En un principio creía que el tiempo malo es el que pasa lentamente, como una epifanía dolorosa y karmática. Luego, me di cuenta que podemos ser felices en un reloj parado o infelices en una vorágine.
El tiempo es relativo, sí, señor. Y más si miramos al pasado. Hay momentos que parecen durar siglos aún teniendo de ellos pocos recuerdos, y tiempos fugaces, concentrados. La vida es desigual en nuestro tiempo, con años que duran 732 días y otros que apenas llegan a 50. El tiempo biológico se podrá medir en vueltas de la Tierra al sol; pero el emocional es personal, único e intransferible.

***

Yo tenía el tiempo lento. Hacía unos meses que la vida se había calmado: en ella no había emociones ni ilusiones. Solo simple rutina. La vida pasaba entre obligaciones y libros, clases y risas con amigos. Simpleza positiva en una vida llena de tormentas, pero poco acostumbrada a la calma casi rural de la vida acomodándose en un sitio pacíficamente.

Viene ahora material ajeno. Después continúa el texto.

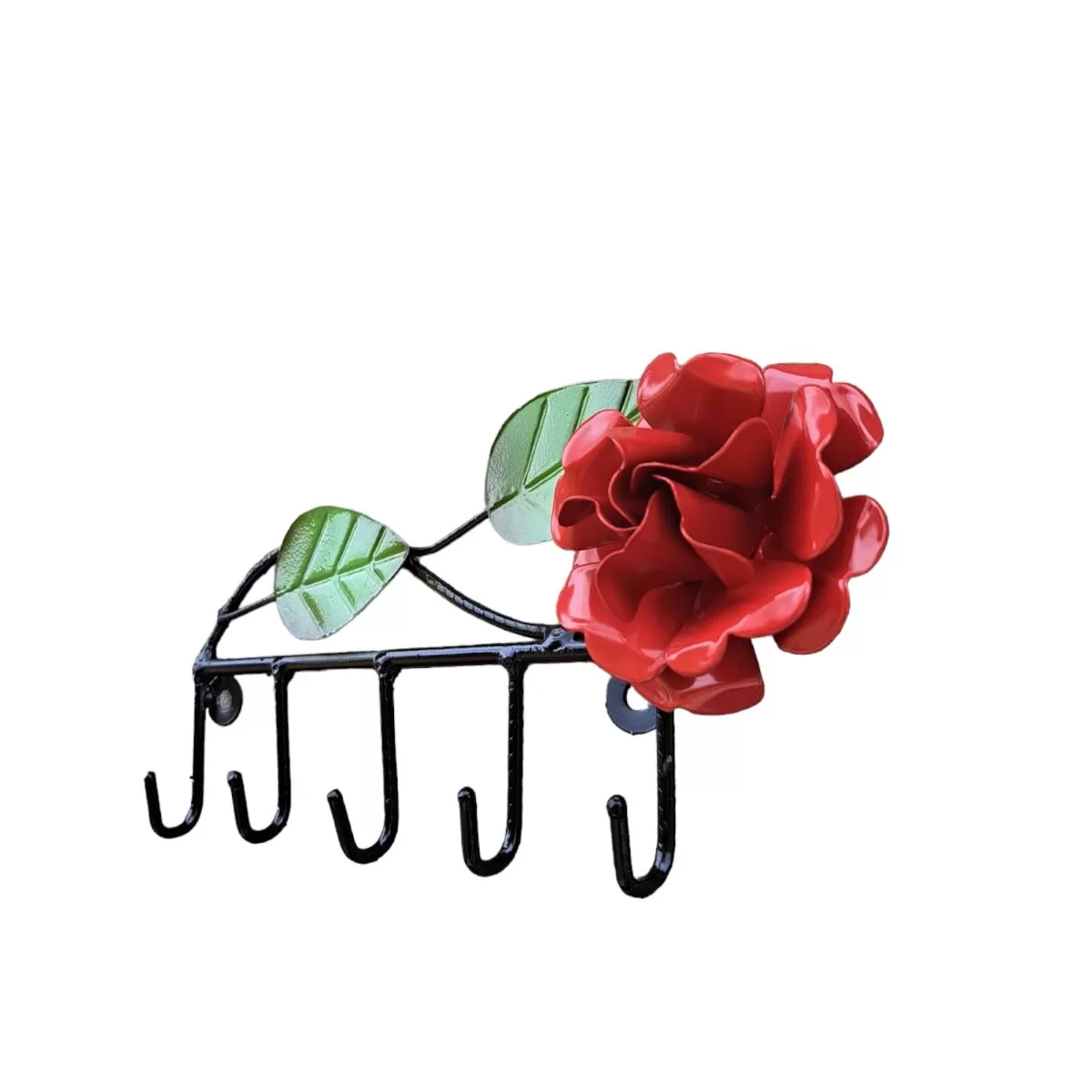 Porta chave de parede com flor dando vida e cor ao ambiente, com 5 ganchos para pendurar chaves, também podendo ser usado para pendurar outras coisas. Além de organizar é um excelente enfeite para seu ambiente. Ferragem possui pintura eletrostática para não enferrujar e não arranhar com facilidade, material resistente, garantindo assim maior durabilidade. Excelência no acabamento, para maior valorização do produto.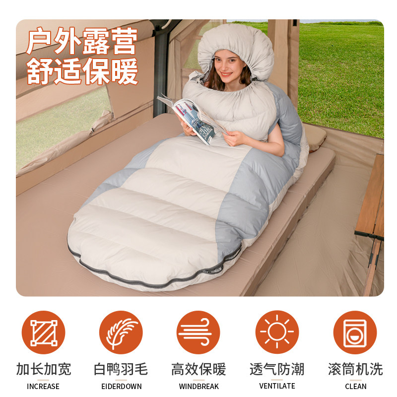 可伸手白鸭羽毛睡袋户外成人秋冬季露营大人加大鸭毛羽绒零下20度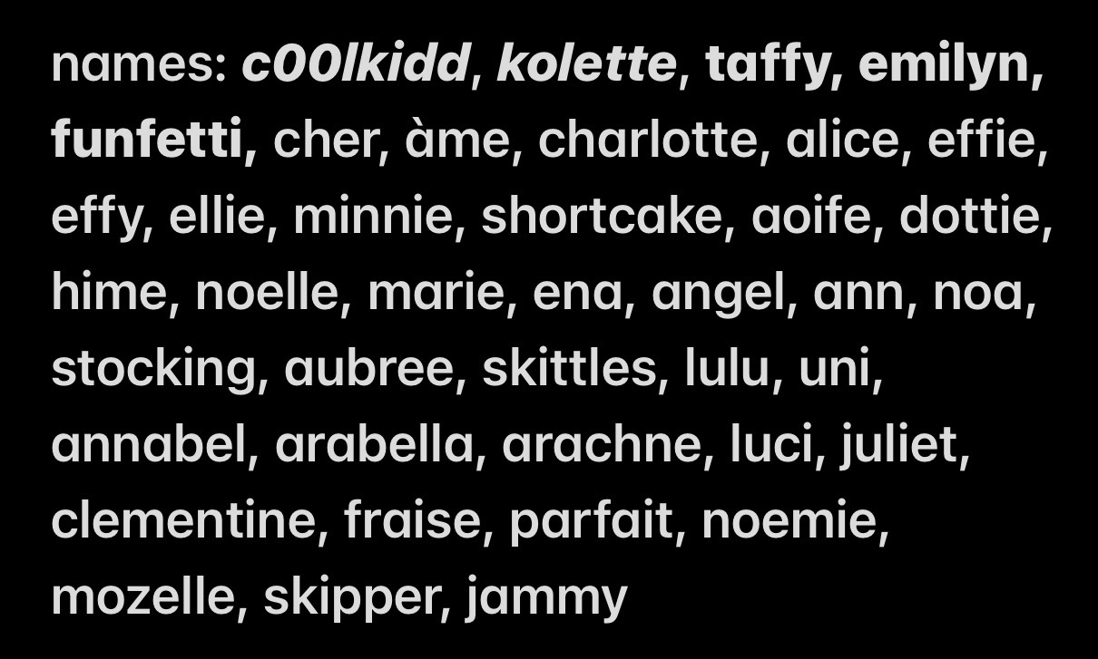 halloween, fashion, baking, editing, decomail, rentry, args, lost media, fiona apple, alicebanD, roblox exploiters, hangout game series, && point of no return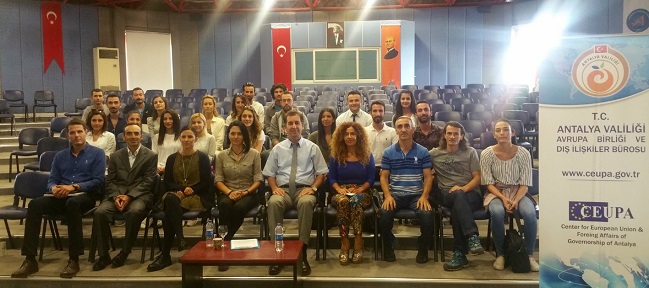 Antalya Valiliği Avrupa Birliği ve Dış İlişkiler Bürosu (CEUPA) ile Akdeniz Üniversitesi Beden Eğitimi ve Spor Yüksekokulu (BESYO) Bilimsel Etkinlikler Koordinatörlüğü işbirliğinde 31 Ekim 2016 Pazartesi günü "Avrupa Birliği Projeleri Bilgilendirme Semineri" düzenlendi. Akdeniz Üniversitesi Beden Eğitimi ve Spor Yüksekokulu Konferans Salonunda 09.30 - 12.30 saatleri arasında gerçekleşen seminere üniversitede görevli akademisyenler ile doktora ve yüksek lisans öğrencilerden oluşan 55 kişi katıldı.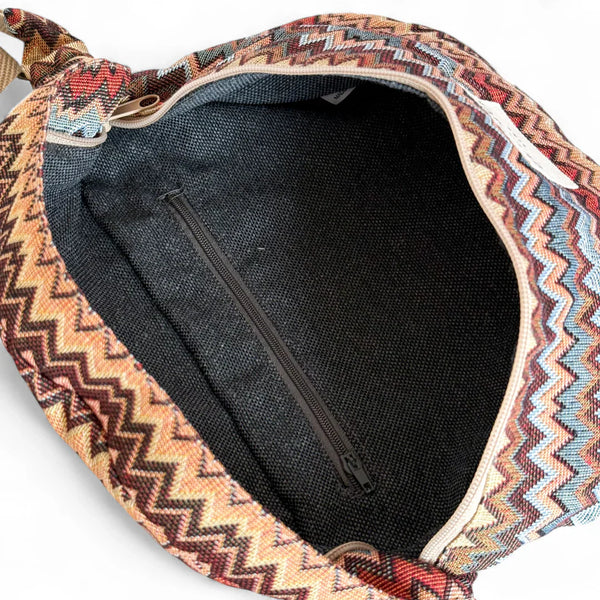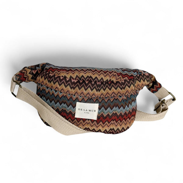 Das absolute Must-have in jeder Taschensammlung: die Gürteltasche! Diese angesagte Gürteltasche von La Mur Line, auch Fanny Pack genannt, ist ausgeführt in einem dicken Jacquardstoff mit einem farbenfrohen Zickzackmuster in warmen Farbtönen wie Rost, Ocker, Altrosa, Blau und Braun.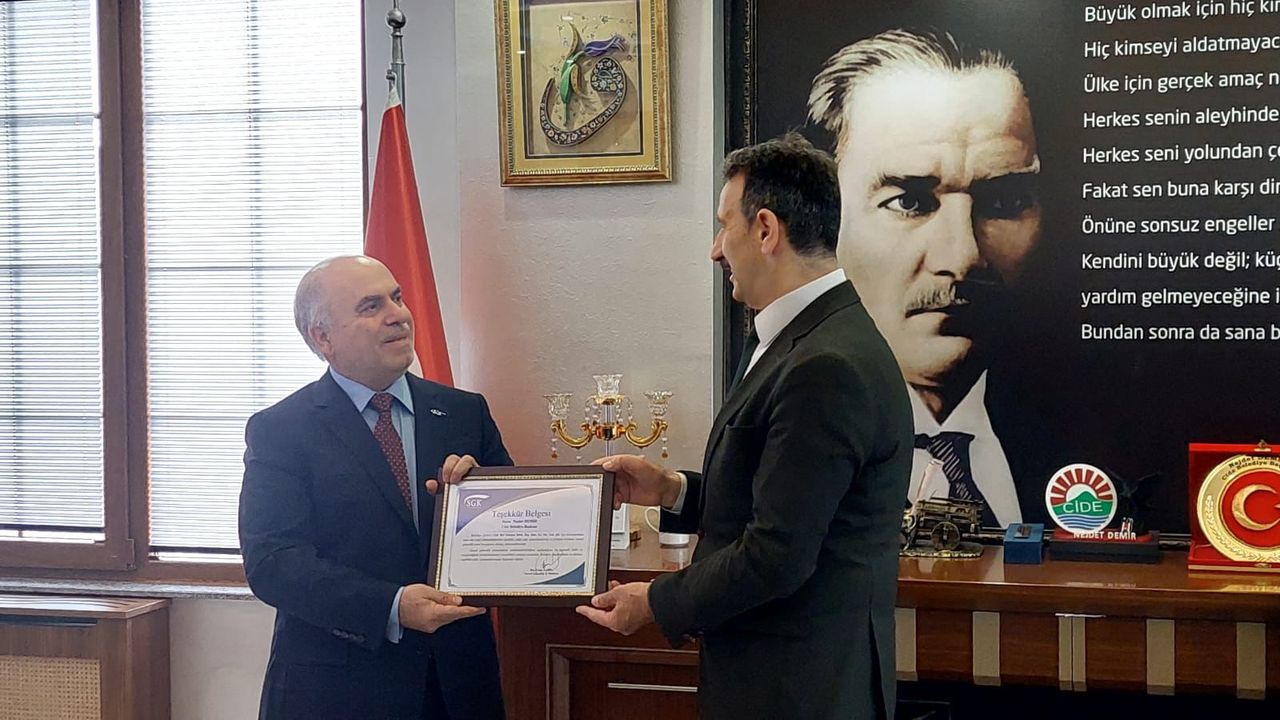 Öte yandan SGK İl Müdürü Emin Şahin, Müdür Yardımcısı Emre Türeyen ve Destek Hizmetleri Servisi Sorumlusu Yaşar Kocadağ, Cide Belediye Başkanı Nejdet Demir’i makamında ziyaret etti. Ziyarette, belediyenin borçsuz bir yapıya kavuşmasının önemine vurgu yapılırken, Başkan Demir’e teşekkür belgesi takdim edildi.

Pero ese sábado comenzó a agitarse. El tiempo seguía corriendo lento, descolorido; pero mi mente tal vez percibía que todo podía llegar a cambiar. Ella, siempre jugando juegos funestos, me ocultó el nerviosismo en el candor de las cosas: una buena comida, una conversación por teléfono, una siesta. Me desperté casi sobresaltada por la hora, y apenas me dio tiempo a cepillarme los dientes: había prometido puntualidad, ya habría tiempo para otro caos.
Fueron dos horas verdes. Dos largas horas que parecían no pasar más, mientras él hablaba de música y yo callaba. Supe que él necesitaba hablar, y dejé simplemente que mis ojos observaran los árboles y su perfil, la campera de cuero y el viento que me daba frío y arremolinaba las hojas y flores primaverales. Ya me tocaría a mí, y él sabría cumplir, sin dudarlo ni un segundo, su papel de oyente. Sonreí tímidamente a sus pocas miradas, me decepcioné ante ese beso que no venía. Y tuve más frío.
Todo había sido lento, pausado. Pero se convirtió en inconmensurablemente eterno ya en el final del recorrido, junto al muro de mi casa. No hubo siquiera movimiento: fueron fotos. Fotos de dudas, de miedos, de inseguridades, de vergüenza.
La fotografía final aceleró el tiempo.